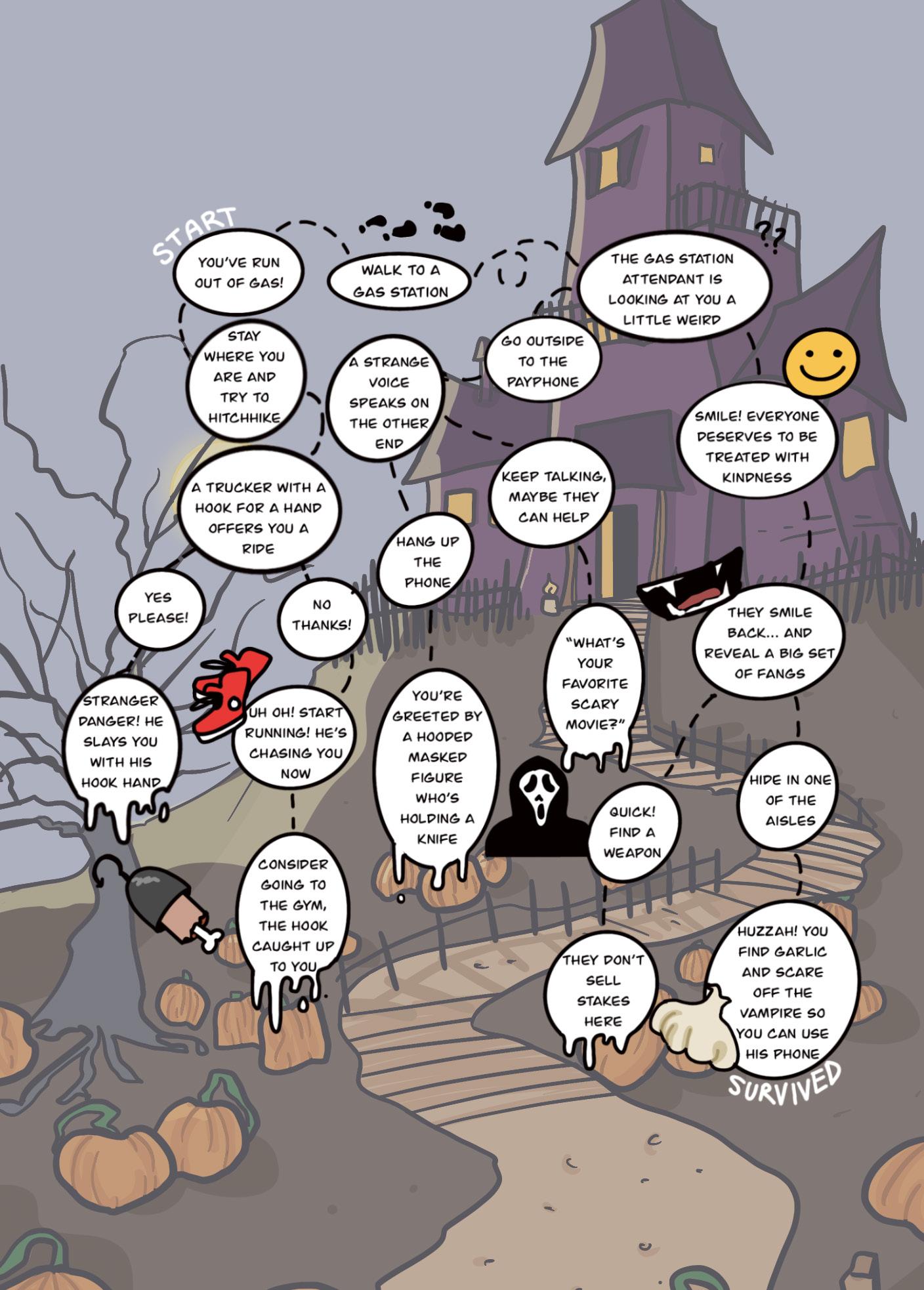 have people wondering: “would I survive a horror movie?” Here’s a quiz to find out. Start with empty gas and follow the dotted lines based on what you feel you would do in that situation. Make the right choice. Illustrations by J. Le
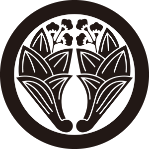 | 茗荷紋は、ショウガ科の多年草である茗荷をモチーフとした家紋。茗荷はその音が「冥加(みょうが)」に通じることから、縁起がいいとされた。冥加とは、神仏の守護のこと。このため神社や寺で茗荷紋が多く用いられている。 茗荷紋は『杏葉紋』と酷似しており混同されることが多い。もとは杏葉紋に縁起の良い茗荷を当てて使用したといわれる。 |
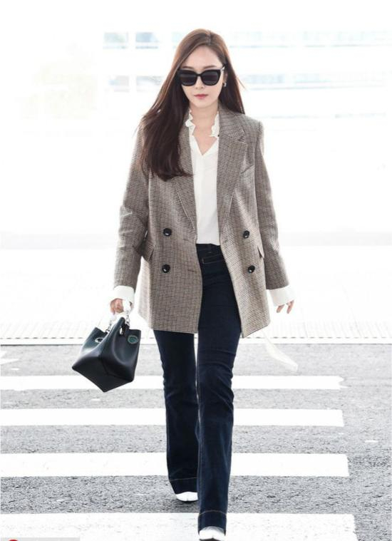 首先说到格纹单品,第一个不能错过的当然还是要数格纹外。钠,最常见的就是郑秀妍的这种细格纹西装了,很经典耐穿又好搭,搭配一条高腰裤,穿出大长腿get!
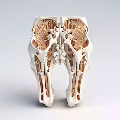 This 3D model presents a stylized robotic pelvis, ideal for science fiction projects, character design, or anatomical studies. It features an intricate, biomechanical design with internal structures and supports, giving it a futuristic and organic feel. Suitable for use in game development, AR/VR experiences, 3D printing, or as a striking element in digital art. The model is available in multiple formats, including FBX, OBJ, STL, and GLB, ensuring compatibility with various software. It is optimized for both real-time applications and high-quality renders. Key features include clean topology, detailed internal structures, and a visually appealing aesthetic. The model is UV unwrapped and ready for texturing, allowing for easy customization and integration into your projects. Whether you are building a futuristic robot, creating a unique character, or exploring biomechanical designs, this robotic pelvis offers a compelling and versatile asset.

### ASSIGNED TASK
Retype the data above as given, letting no picture into the copy.

### OUTPUT OF THE TASK
 have people wondering: “would I survive a horror movie?” Here’s a quiz to find out. Start with empty gas and follow the dotted lines based on what you feel you would do in that situation. Make the right choice. Illustrations by J. Le
 | 茗荷紋は、ショウガ科の多年草である茗荷をモチーフとした家紋。茗荷はその音が「冥加(みょうが)」に通じることから、縁起がいいとされた。冥加とは、神仏の守護のこと。このため神社や寺で茗荷紋が多く用いられている。 茗荷紋は『杏葉紋』と酷似しており混同されることが多い。もとは杏葉紋に縁起の良い茗荷を当てて使用したといわれる。 |
 首先说到格纹单品,第一个不能错过的当然还是要数格纹外。钠,最常见的就是郑秀妍的这种细格纹西装了,很经典耐穿又好搭,搭配一条高腰裤,穿出大长腿get!
 This 3D model presents a stylized robotic pelvis, ideal for science fiction projects, character design, or anatomical studies. It features an intricate, biomechanical design with internal structures and supports, giving it a futuristic and organic feel. Suitable for use in game development, AR/VR experiences, 3D printing, or as a striking element in digital art. The model is available in multiple formats, including FBX, OBJ, STL, and GLB, ensuring compatibility with various software. It is optimized for both real-time applications and high-quality renders. Key features include clean topology, detailed internal structures, and a visually appealing aesthetic. The model is UV unwrapped and ready for texturing, allowing for easy customization and integration into your projects. Whether you are building a futuristic robot, creating a unique character, or exploring biomechanical designs, this robotic pelvis offers a compelling and versatile asset.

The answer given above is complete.